**Your objective:** Return nothing but the lines from the one with "Stewardship Check Request" through the one with "Team A’s CFD" in the data below, word for word and without pictures.

**Data shown:**
=== Section Start ===
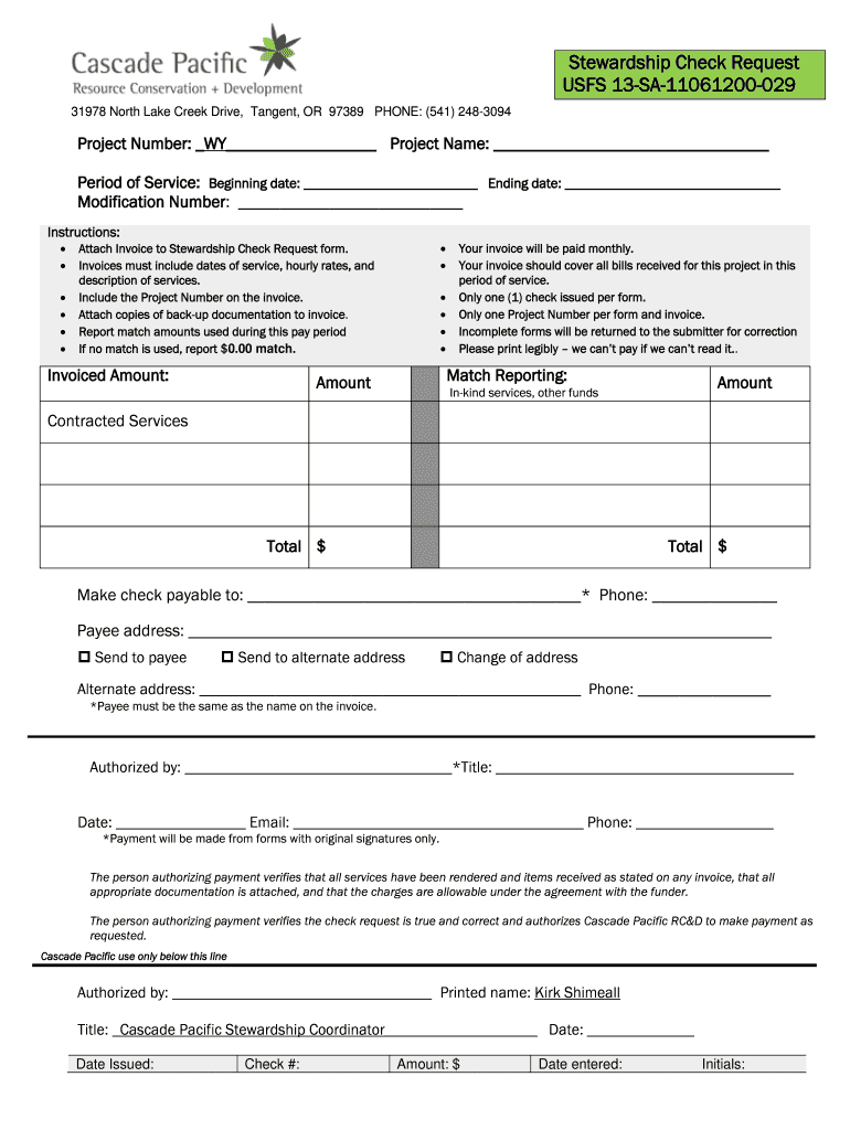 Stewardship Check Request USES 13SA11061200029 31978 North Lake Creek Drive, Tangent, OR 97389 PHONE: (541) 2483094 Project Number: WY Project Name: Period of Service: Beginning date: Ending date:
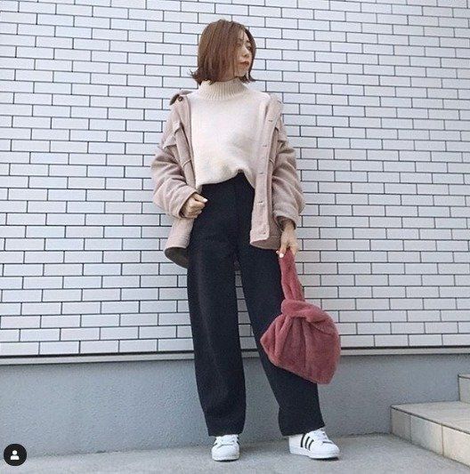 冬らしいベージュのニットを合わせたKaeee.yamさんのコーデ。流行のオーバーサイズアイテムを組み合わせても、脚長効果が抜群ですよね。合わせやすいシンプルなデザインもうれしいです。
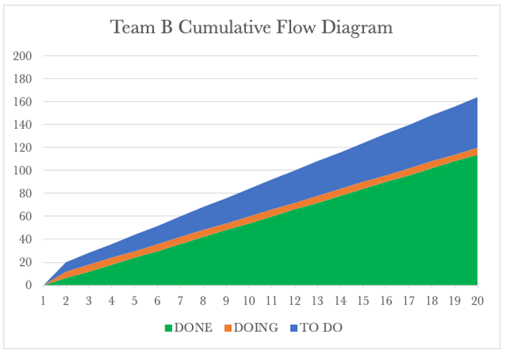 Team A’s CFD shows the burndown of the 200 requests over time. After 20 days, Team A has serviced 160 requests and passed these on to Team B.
=== Section End ===
=== Section Start ===
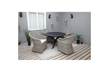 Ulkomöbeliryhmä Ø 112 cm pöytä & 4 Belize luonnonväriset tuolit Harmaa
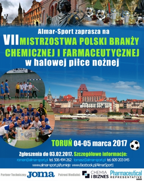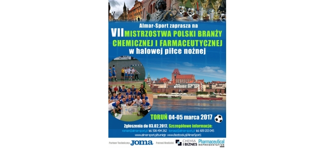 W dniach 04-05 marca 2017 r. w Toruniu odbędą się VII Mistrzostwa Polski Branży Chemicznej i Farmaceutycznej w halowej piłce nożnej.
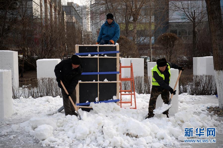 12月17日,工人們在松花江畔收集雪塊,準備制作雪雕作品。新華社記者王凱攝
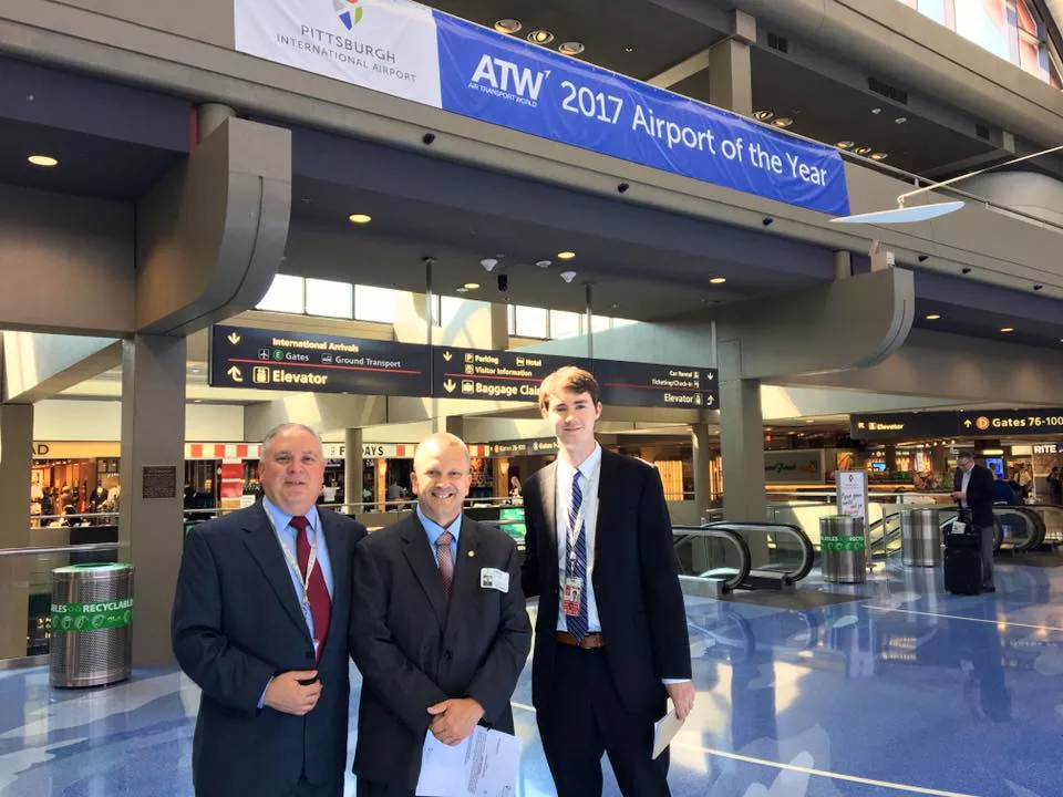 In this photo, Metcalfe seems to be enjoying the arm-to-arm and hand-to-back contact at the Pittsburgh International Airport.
=== Section End ===
**Solved exercise:**
 Stewardship Check Request USES 13SA11061200029 31978 North Lake Creek Drive, Tangent, OR 97389 PHONE: (541) 2483094 Project Number: WY Project Name: Period of Service: Beginning date: Ending date:
 冬らしいベージュのニットを合わせたKaeee.yamさんのコーデ。流行のオーバーサイズアイテムを組み合わせても、脚長効果が抜群ですよね。合わせやすいシンプルなデザインもうれしいです。
 Team A’s CFD shows the burndown of the 200 requests over time. After 20 days, Team A has serviced 160 requests and passed these on to Team B.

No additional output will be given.